DATASET SECTION =>
^^^^

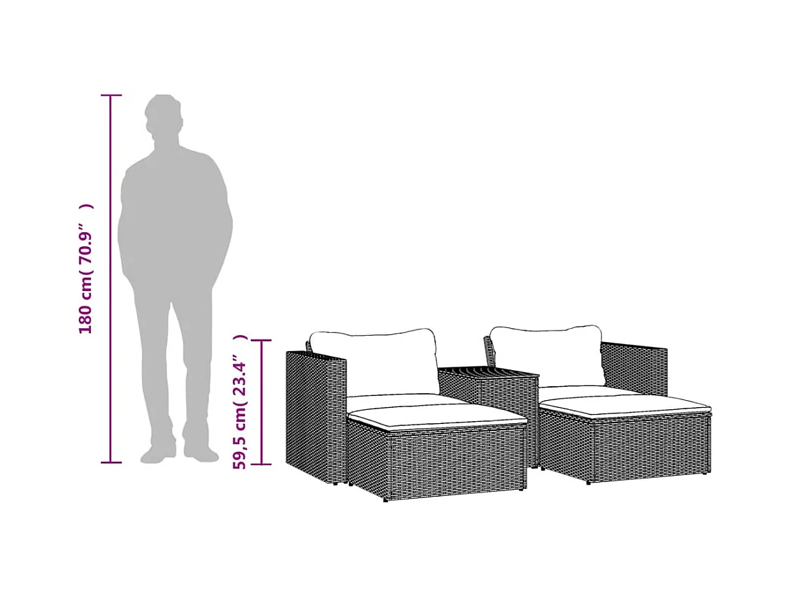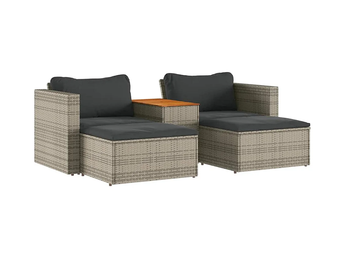Salon de jardin 5 pcs avec coussins gris résine tressée acacia
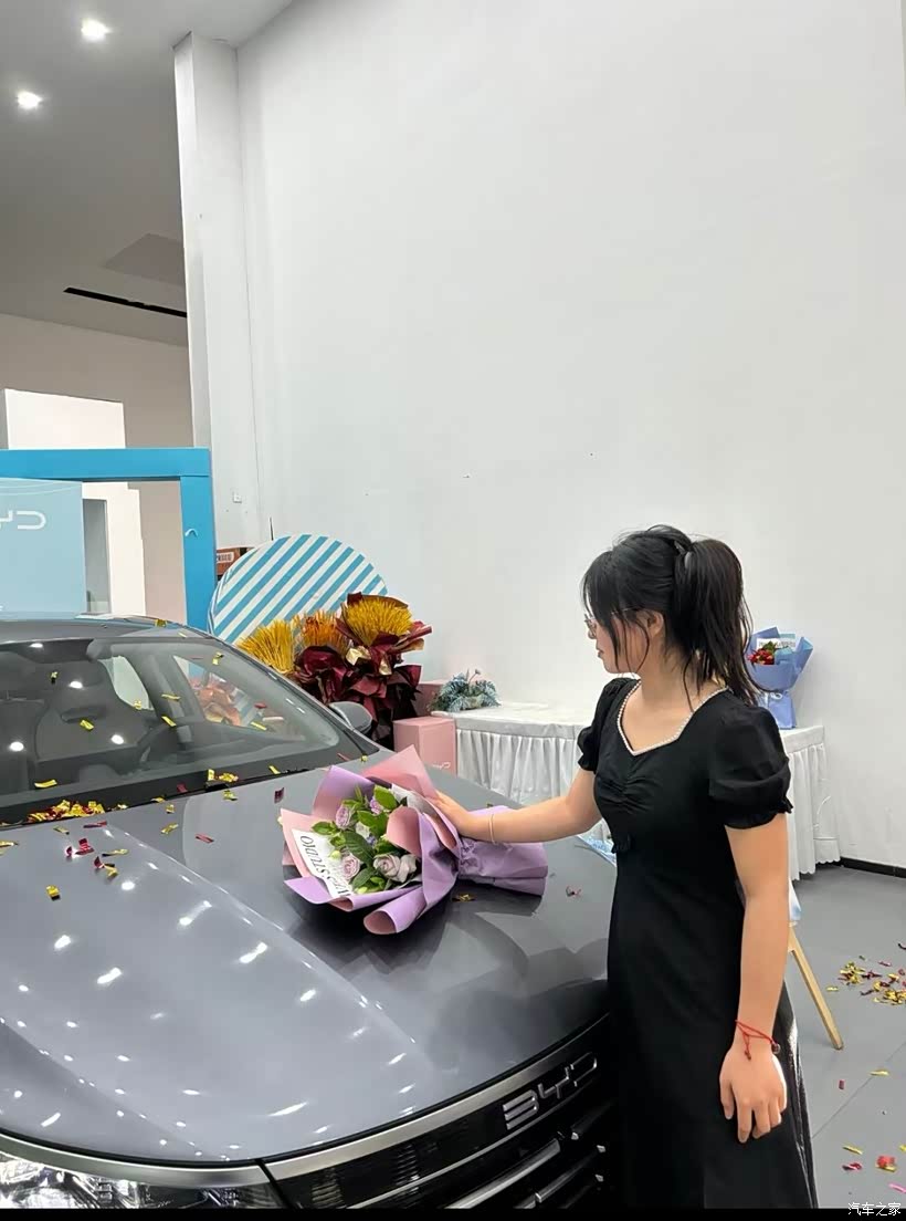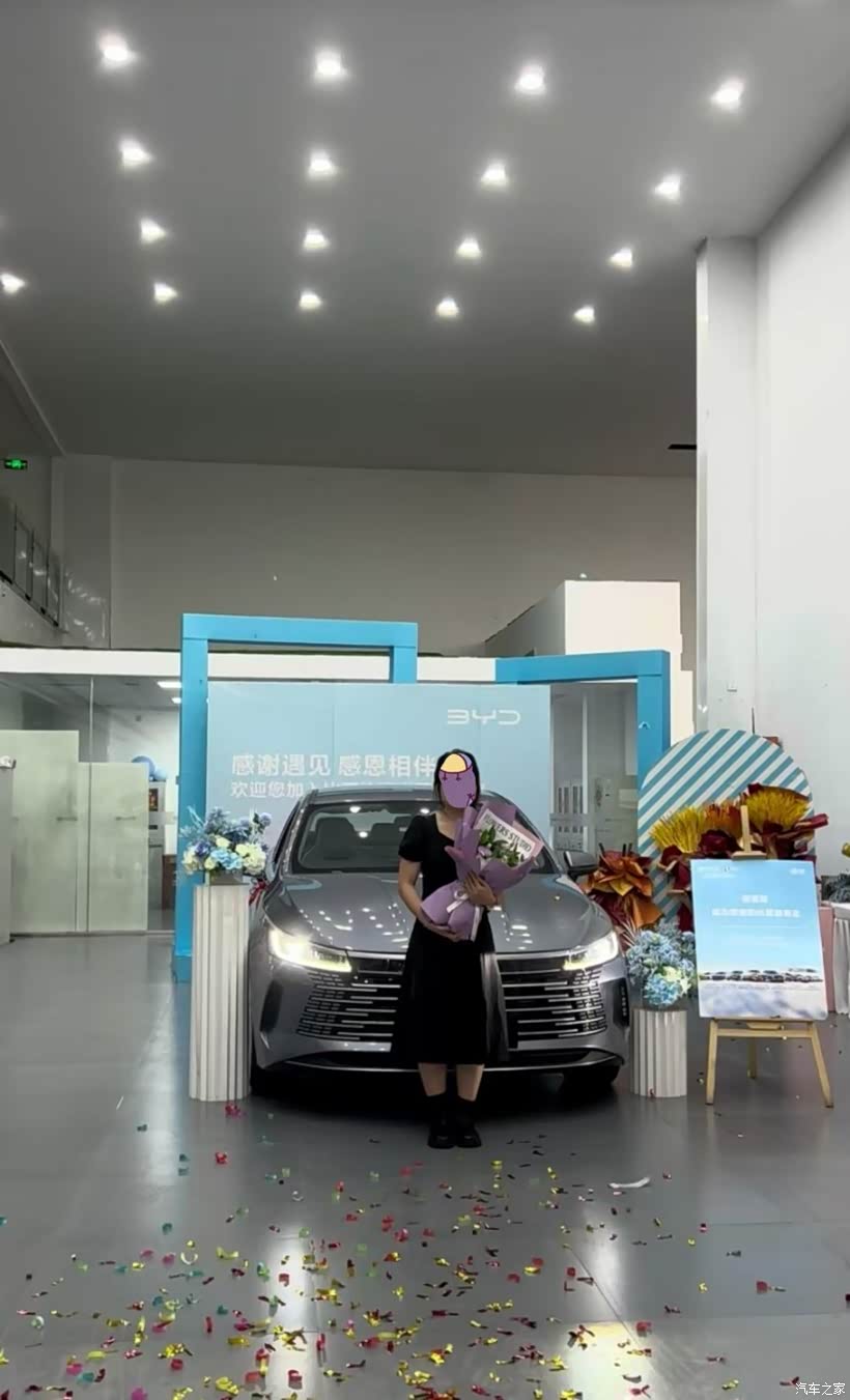 在这里工作了一段时间,存了一点点钱,我还在考虑要不要存够钱全款买车,店里的一位同事告诉我:“如果你已经想好此刻买车的用途,那就去买”,店里一直有流传一句话“早买早享受,晚买享折扣”,这些点醒了我,外婆已于我高中时期离世了,我不能再让爷爷奶奶等了,那就买。坚定了买车的想法,那又该买什么品牌的车呢,像吉利,奇瑞等都有新能源汽车,但基于我在比亚迪4S店工作这么长时间以来,观察了很多来买车的客户,他们也都是比较了各品牌的车之后最终确定来比亚迪提车,认为比亚迪新能源车最具性价比,根据我自己的资金情况以及店内销售同事的推荐,我选择秦PLUS或者驱逐舰05,正好店里有台被遗忘的库存车驱逐舰05,价格相对优惠些,和领导商讨好价格后,于是当即分期贷款提车,友好的同事们给我准备了特别的提车仪式。2024.06.30这天我很开心。
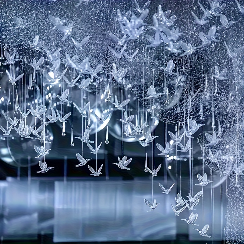 11개 투명 벌새 장식, 플라스틱 재질의 낚싯줄 50M 포함, 홈 데코에 완벽. 결혼식, 호텔, 크리스마스 트리, 축제 파티에 이상적. 전기 불필요, 간편한 걸이

^^^^

Transcribe every line of the data exactly. No pictures go in the copy.

Salon de jardin 5 pcs avec coussins gris résine tressée acacia
 在这里工作了一段时间,存了一点点钱,我还在考虑要不要存够钱全款买车,店里的一位同事告诉我:“如果你已经想好此刻买车的用途,那就去买”,店里一直有流传一句话“早买早享受,晚买享折扣”,这些点醒了我,外婆已于我高中时期离世了,我不能再让爷爷奶奶等了,那就买。坚定了买车的想法,那又该买什么品牌的车呢,像吉利,奇瑞等都有新能源汽车,但基于我在比亚迪4S店工作这么长时间以来,观察了很多来买车的客户,他们也都是比较了各品牌的车之后最终确定来比亚迪提车,认为比亚迪新能源车最具性价比,根据我自己的资金情况以及店内销售同事的推荐,我选择秦PLUS或者驱逐舰05,正好店里有台被遗忘的库存车驱逐舰05,价格相对优惠些,和领导商讨好价格后,于是当即分期贷款提车,友好的同事们给我准备了特别的提车仪式。2024.06.30这天我很开心。
 11개 투명 벌새 장식, 플라스틱 재질의 낚싯줄 50M 포함, 홈 데코에 완벽. 결혼식, 호텔, 크리스마스 트리, 축제 파티에 이상적. 전기 불필요, 간편한 걸이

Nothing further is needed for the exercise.